"Yedno Pivo Prosim," I confidently asked the young waitress. Sadly, that was one of the few Czech phrases I had learned even after living in Prague nearly five months. As she placed another delicious pint of Czech pilsner on the table, Chris and I returned to our conversation about glorious lives. Who lived heroically? How could we live heroically? After an hour of philosophizing about this we both had decided that Ernest Hemingway fit the bill. Hard living, hard drinking, traveling the world writing. Taking the road less traveled...those were the qualities that Chris and I had wanted for our own lives. After a few more pivos, I concluded that I was certainly on the right path. After all, the pursuit of a passionate and adventurous life is what led me to leave the security of family and friends and move to the Czech Republic in the first place.
These types of conversations were nothing new. I had been having them for months now. They were typical of the young expat community in Prague. We were all seeking something. Something greater than the lives which we left behind. This experience was not unique. For countless generations young Americans have taken to the road and have gone off in search of adventure. It is a rite of passage. The last gasp of freedom before entering adulthood and "the real world". What hadn't entered my mind though is that the quest for an escape from the mundane can also lead to a very mundane death.
As I left the bar I heard Chris say "Yedno pivo prosim". Unfortunately, I would never see my friend alive again. In fact, he would die within the hour.
The summer of 1997 I found myself one year out of college and living at home with my parents in a New Jersey suburb. Occupying my days as a customer service representative for a multinational corporation did little to satiate my wanderlust and sense of adventure. Something was missing. I didn't see the correlation of spending four years receiving a liberal arts education only to sit in a cubicle for 8 hours a day. My B.A. in philosophy was surely going to waste. By the end of August I was accepted into a teacher certification program in Prague and thus began my search for the 'glorious life'.
After a few months of teaching English to Czech bankers, secretaries and pre-university students, I had aligned myself with a few good friends and a new girlfriend (albeit all American). We would wonder the cobblestone streets of Prague's oldtown square listening to the countless classical musicians who played beautiful music for pennies. Our nights were spent in pubs and taking moonlit walks over the Charles Bridge, romanticizing about our new lives.

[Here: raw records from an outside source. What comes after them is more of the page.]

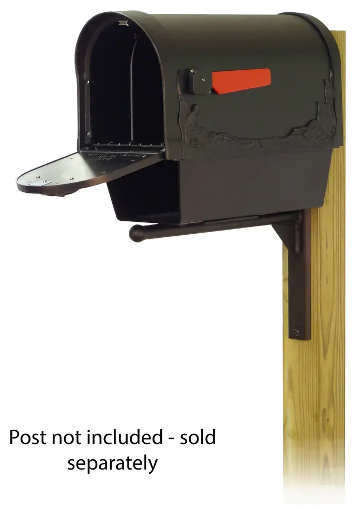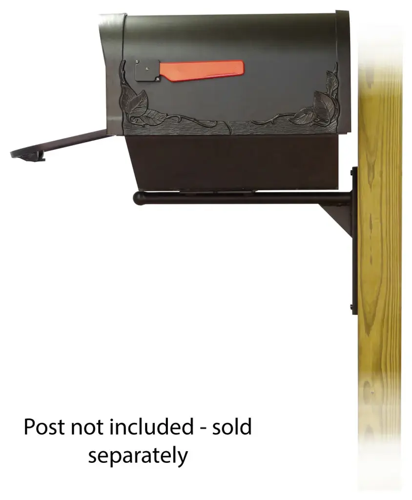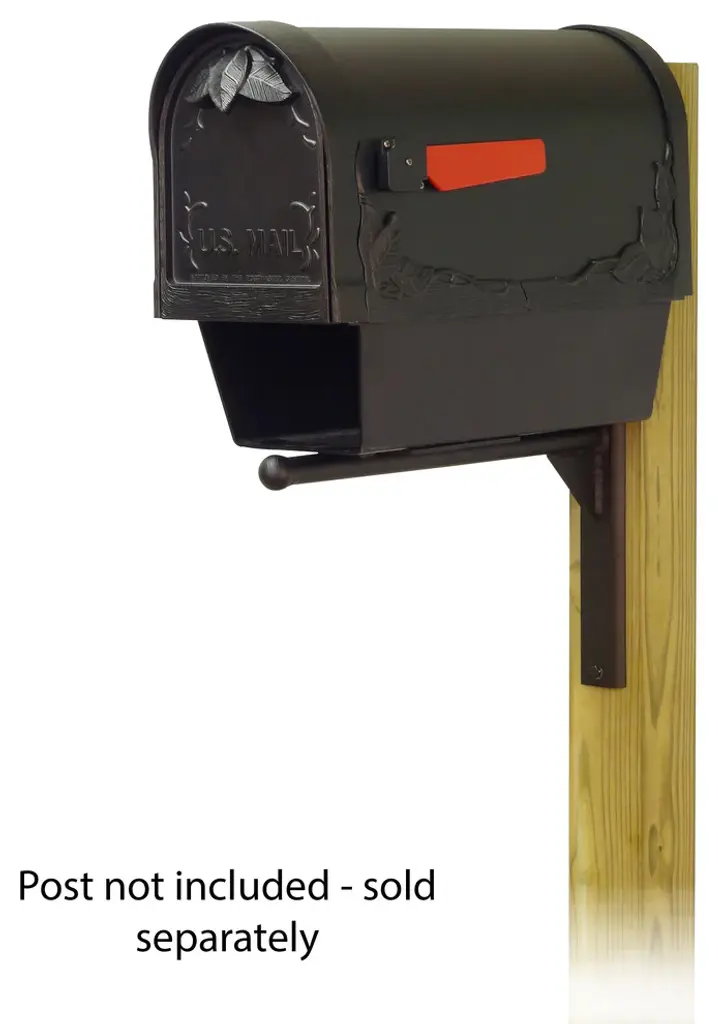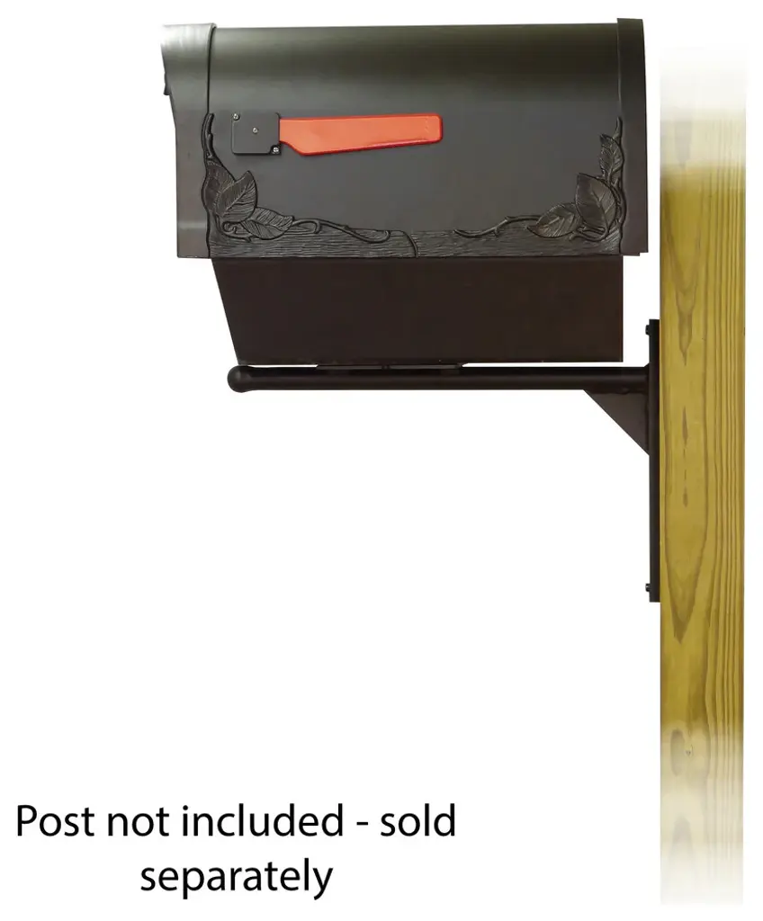 The Floral Mailbox and Ashley mounting bracket combination presents a decorative option for the typical wood post curbside mailbox. The traditional mailbox shape gets a decorative upgrade with our Floral curbside mailbox. Deeply embossed leaf designs on all sides gives the Floral curbside a charming appearance suitable for either a country or suburban home. The Ashley mounting bracket brings a simplistic, contemporary look to your mailbox. Newspaper tube, mailbox and mailbox mounting bracket included. This set does NOT include a post as it is intended to be mounted on an existing wood post or solid surface, or a new wood post that can be purchased separately. Mounting hardware is included.
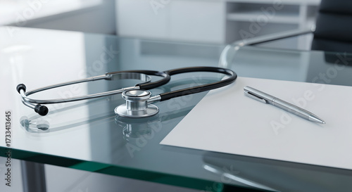 A Stethoscope and Pen on a Doctor's Clean Desk
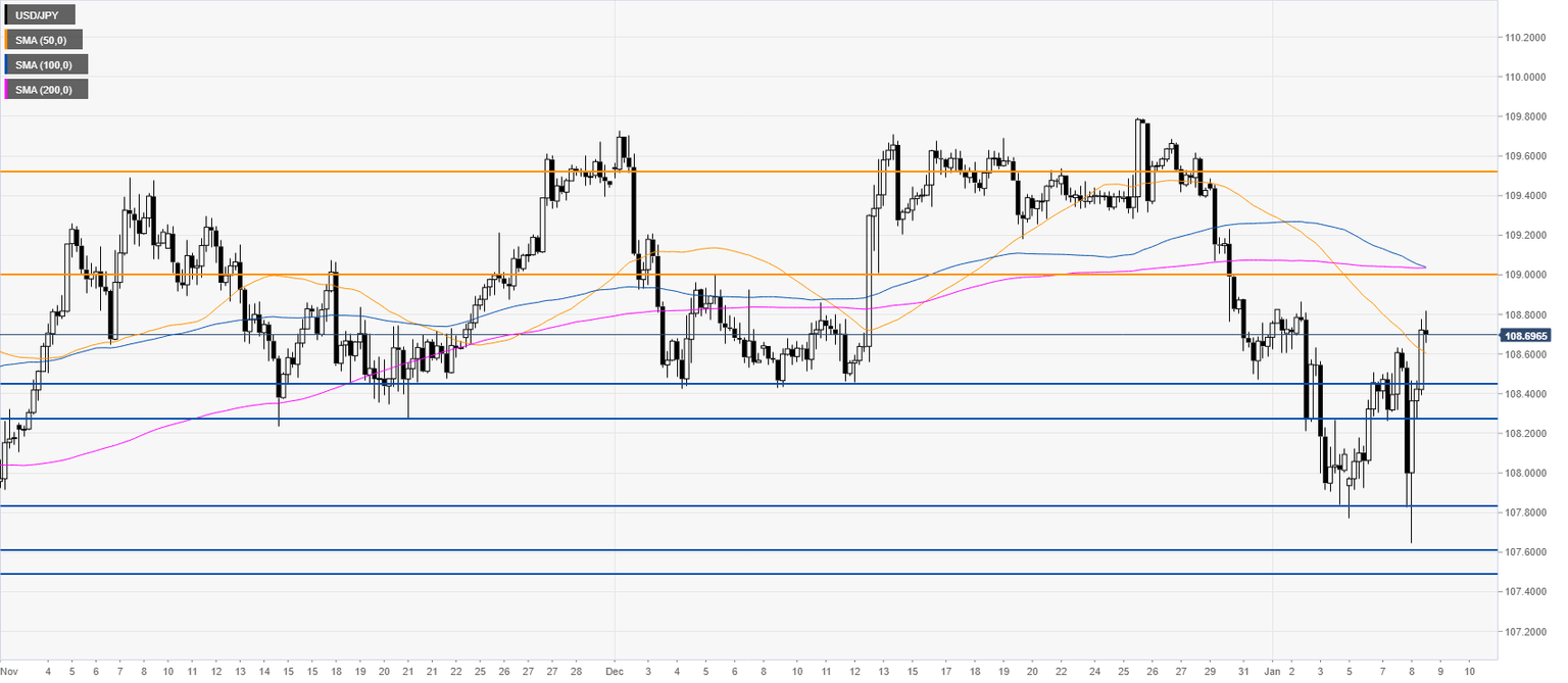 USD/JPY is bouncing from the 108.00 handle and the 100-day simple moving average (SMA). The market is now challenging the 200-day simple moving average (SMA).
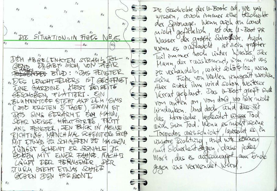 Dem abgelenkten Strahl folgend ergibt sich von Fizir dieses Bild: Das Fenster des Leuchtfeuers ist geöffnet. Eine Gardine, meist beiseite geschoben, flattert. Ein Blumentopf steht auf dem Sims (die ersten 5 Tage), dann ist das Sims geräumt. Ein Mann, sehr weiße Hautfarbe, tritt an das Fenster, den Blick in meine Richtung. Manchmal scheint er sich mit etwas zu schaffen zu machen. Jüngst scheint er Signale zu geben, mit eine Fahne. Nachts läuft der Fernseher. Der Turm steht etwas schief gegen den Horizont. > | < Die Geschichte der U-Boote ist, wie wir wissen, auch immer eine Geschichte der Spionage. Wenn auch an Land nicht gefährlich, ist das U-Boot zu Wasser der größte Saboteur. Auch wenn es auftaucht, ist sein größter Teil immer noch unter Wasser. Der Mann, der rauskommt, um mit uns zu verhandeln, wirkt schutzlos, wenn seine Füße von Wellen umspült werden. Aber unter ihm wird schon weiterer Verrat geplant. Das U-Boot greift uns von unten an, von dort, wo wir nicht hindenken. Und doch, und das ist das Heroische, bedeutet unser Tod auch seinen Tod. Wenn es nicht seine Torpedos ausschickt, lauscht es in unsere Richtung, und wir können mit Sicherheit sagen, dass jedes Wort, das es aufschnappt, am Ende gegen uns verwendet werden wird.
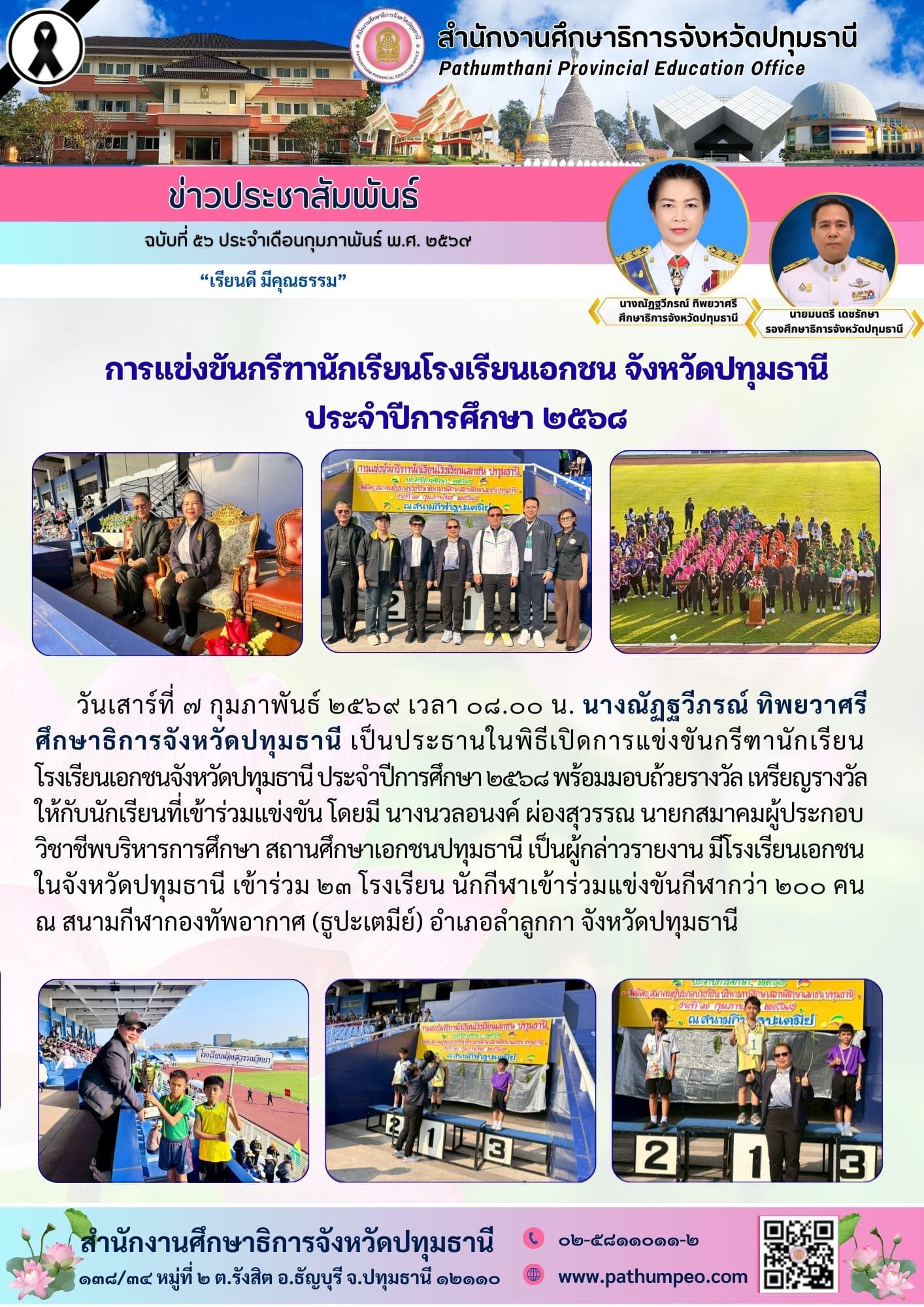 การแข่งขันกรีฑานักเรียนโรงเรียนเอกชน จังหวัดปทุมธานี ประจำปีการศึกษา ๒๕๖๘
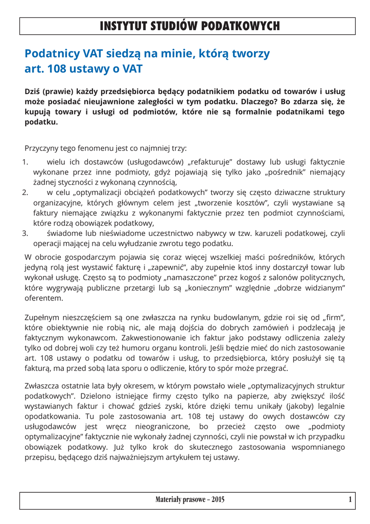 INSTYTUT STUDIÓW PODATKOWYCH Podatnicy VAT siedzą na minie, którą tworzy art. 108 ustawy o VAT Dziś (prawie) każdy przedsiębiorca będący podatnikiem podatku od towarów i usług może posiadać nieujawnione zaległości w tym podatku. Dlaczego? Bo zdarza się, że kupują towary i usługi od podmiotów, które nie są formalnie podatnikami tego podatku. Przyczyny tego fenomenu jest co najmniej trzy: 1. wielu ich dostawców (usługodawców) „refakturuje” dostawy lub usługi faktycznie wykonane przez inne podmioty, gdyż pojawiają się tylko jako „pośrednik” niemający żadnej styczności z wykonaną czynnością, 2. w celu „optymalizacji obciążeń podatkowych” tworzy się często dziwaczne struktury organizacyjne, których głównym celem jest „tworzenie kosztów”, czyli wystawiane są faktury niemające związku z wykonanymi faktycznie przez ten podmiot czynnościami, które rodzą obowiązek podatkowy, 3. świadome lub nieświadome uczestnictwo nabywcy w tzw. karuzeli podatkowej, czyli operacji mającej na celu wyłudzanie zwrotu tego podatku. W obrocie gospodarczym pojawia się coraz więcej wszelkiej maści pośredników, których jedyną rolą jest wystawić fakturę i „zapewnić”, aby zupełnie ktoś inny dostarczył towar lub wykonał usługę. Często są to podmioty „namaszczone” przez kogoś z salonów politycznych, które wygrywają publiczne przetargi lub są „koniecznym” względnie „dobrze widzianym” oferentem. Zupełnym nieszczęściem są one zwłaszcza na rynku budowlanym, gdzie roi się od „firm”, które obiektywnie nie robią nic, ale mają dojścia do dobrych zamówień i podzlecają je faktycznym wykonawcom. Zakwestionowanie ich faktur jako podstawy odliczenia zależy tylko od dobrej woli czy też humoru organu kontroli. Jeśli będzie mieć do nich zastosowanie art. 108 ustawy o podatku od towarów i usług, to przedsiębiorca, który posłużył się tą fakturą, ma przed sobą lata sporu o odliczenie, który to spór może przegrać. Zwłaszcza ostatnie lata były okresem, w którym powstało wiele „optymalizacyjnych struktur podatkowych”. Dzielono istniejące firmy często tylko na papierze, aby zwiększyć ilość wystawianych faktur i chować gdzieś zyski, które dzięki temu unikały (jakoby) legalnie opodatkowania. Tu pole zastosowania art. 108 tej ustawy do owych dostawców czy usługodawców jest wręcz nieograniczone, bo przecież często owe „podmioty optymalizacyjne” faktycznie nie wykonały żadnej czynności, czyli nie powstał w ich przypadku obowiązek podatkowy. Już tylko krok do skutecznego zastosowania wspomnianego przepisu, będącego dziś najważniejszym artykułem tej ustawy. Materia³y prasowe – 2015 1 INSTYTUT STUDIÓW PODATKOWYCH Świadome lub nieświadome uczestnictwo w transakcjach karuzelowych w obrocie m.in. paliwami, stalą, cementem, olejem rzepakowym (lista bardzo długa), jest największym ryzykiem dla firm handlowych. Towary te formalnie przechodzą przez ręce wielu odprzedawców, najczęściej w tranzycie rozliczanym, gdzie towaru nikt nie widział na oczy, a organizator tego procederu, uchylający się od opodatkowania, pozostaje nieuchwytny lub gdy wpadnie – idzie na współpracę z organami ścigania i topi kolejnych uczestników tej operacji. Zastosowanie do wystawionych tu faktur art. 108 ustawy o VAT - co wyklucza prawo do odliczenia - jest powszechną praktyką. Jak widać kluczowe znaczenie ma we wszystkich powyższych przypadkach art. 108 ustawy o VAT, a nabywca towarów lub usługobiorca może co najwyżej powoływać się na dobrą wiarę, czyli że „nie wiedział i nie mógł wiedzieć”, że posłużył się fakturą, która nie była wystawiona przez podmiot wykonujący czynność rodzącą obowiązek podatkowy. Szanse obrony odliczenia z tego tytułu są, ale w rzeczywistości bardzo małe, bo sądy administracyjne bardzo niechętne odnoszą się do zastosowania tej przesłanki odliczenia. Paradoksalnie władza ma bardzo duże możliwości zwiększenia dochodów budżetowych z tego podatku, a kryzys wpływów z tego tytułu prędzej czy później (po wyborach) przyspieszy działanie organów podatkowych, ale przede wszystkim kontroli skarbowej. Witold Modzelewski Profesor Uniwersytetu Warszawskiego Instytut Studiów Podatkowych http://ksiegowosc.infor.pl/podatki/vat/rozliczenia-vat/724739,Podatnicy-VAT-siedza-na-minie-ktora-tworzy-art-108-ustawy-o-VAT.html Materia³y prasowe – 2015 2
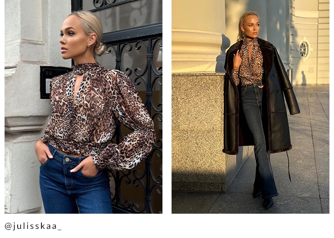 Chcąc stworzyć total look na randkę, zdecyduj się na ołówkową spódnicę midi i wysokie kozaki. Outfit na wieczór z przyjaciółkami? Bluzka z printem w panterkę będzie świetnie wyglądać połączona z jeansami skinny lub woskowanymi spodniami. Baw się panterkowym wzorem i twórz ciekawe stylizacje!
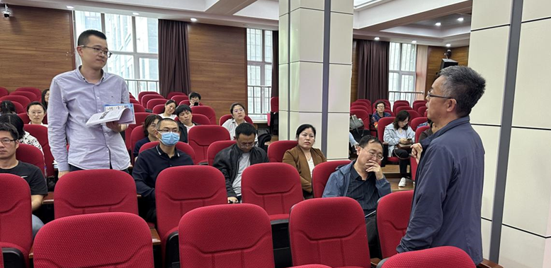 随后,公司三位教师分享了参加教学竞赛的心得体会。杨忠海教授以“数智教学创新与实践比赛”为例,从课程特色、学情痛点、创新思路和实践、成效成果以及评价推广等方面进行介绍,分享了参赛过程中的思路和准备,总结了筹划准备过程中的经验方法,并针对青年教师如何提升教学工作能力提出了指导建议,强调日常教学过程中深度思考和充分准备的重要性。

Chris was a 23 year old Californian who had come to Prague to escape his humdrum life and draw. He would occupy his days drawing and his nights drinking Becherovcka while discussing the 'merits of travel'. "There is no such thing as fate. People have to decide their own destinies," was what he would often tell me. It's funny how neither of us were doing anything truly unique. After all, I was just a teacher and Chris was trying to sell his paintings. Yet for two young adults living in a foreign land even simple events like taking public transportation or ordering food has a certain romanticism to it. Naively, I began to feel as though my life was taking on cinematic qualities.
My girlfriend and few American friends had all returned home for the holidays. Chris and I were the only ones who stayed behind thinking that going home would somehow 'diminish' our overseas experience.
The night of December 29th started out like so many others. Chris and I met at one of the many watering holes in Prague. Drinking light and dark beers and gazing at beautiful Czech women occupied most of the night. Around 2:30 in the morning we had one last drink in a Czech rock club. I began to get very tired and bid Chris goodnight. I was to call him in the morning to make plans for New Year's Eve. There wasn't even a need to make plans considering he was the only friend I had left in Prague and we would surely get together. I had no idea that I would never see my good friend of only a few months alive again.
The next morning I called Chris on the telephone. There was no answer. Over the next week I must have called him 50 times. There was still never an answer until his flatmate Abby returned from America. She voiced absolutely no concern. Abby knew Chris from California and taking off for a few weeks was nothing knew to him. "He probably just went to Karlovy Vary," one of the spa towns which was a short two hour train ride away, she thought. But after another week of no word from Chris, she finally became concerned and called his parents informing them that their only child was missing.
After days of making frantic calls to the police, US Embassy and other bureaucratic channels, Chris's parents received the call they dreaded most. Their 23 year old vibrant son had turned up as a DOA in a morgue a month earlier with no identification. The 'official' story is that shortly after 3:00am on the morning of December 30th, an inebriated American had fallen off a barstool, cracking his skull on the ground, dying instantly. It was the first time in my life that I had lost a friend. Somehow I felt responsible. Had I only waited for him to finish his drink he might still be alive.
There was no funeral. No memorial. No mention of Chris in any newspaper. His parents had his remains cremated and sent back to California. There was only a Vodka toast among the few friends Chris had in Prague.
Two years later I returned to Prague for a long weekend. The city where I first tasted true freedom hadn't changed, but I had. I had lost touch with my girlfriend and those few friends. Unfortunately, the real world was thrust upon my life again and I had a 'normal' job in New York City. I also realized that the glorious life Chris and I had been searching for really doesn't exist. It can only be found in the conversations between young friends who have left their pasts behind and have gone off to decide their own destinies.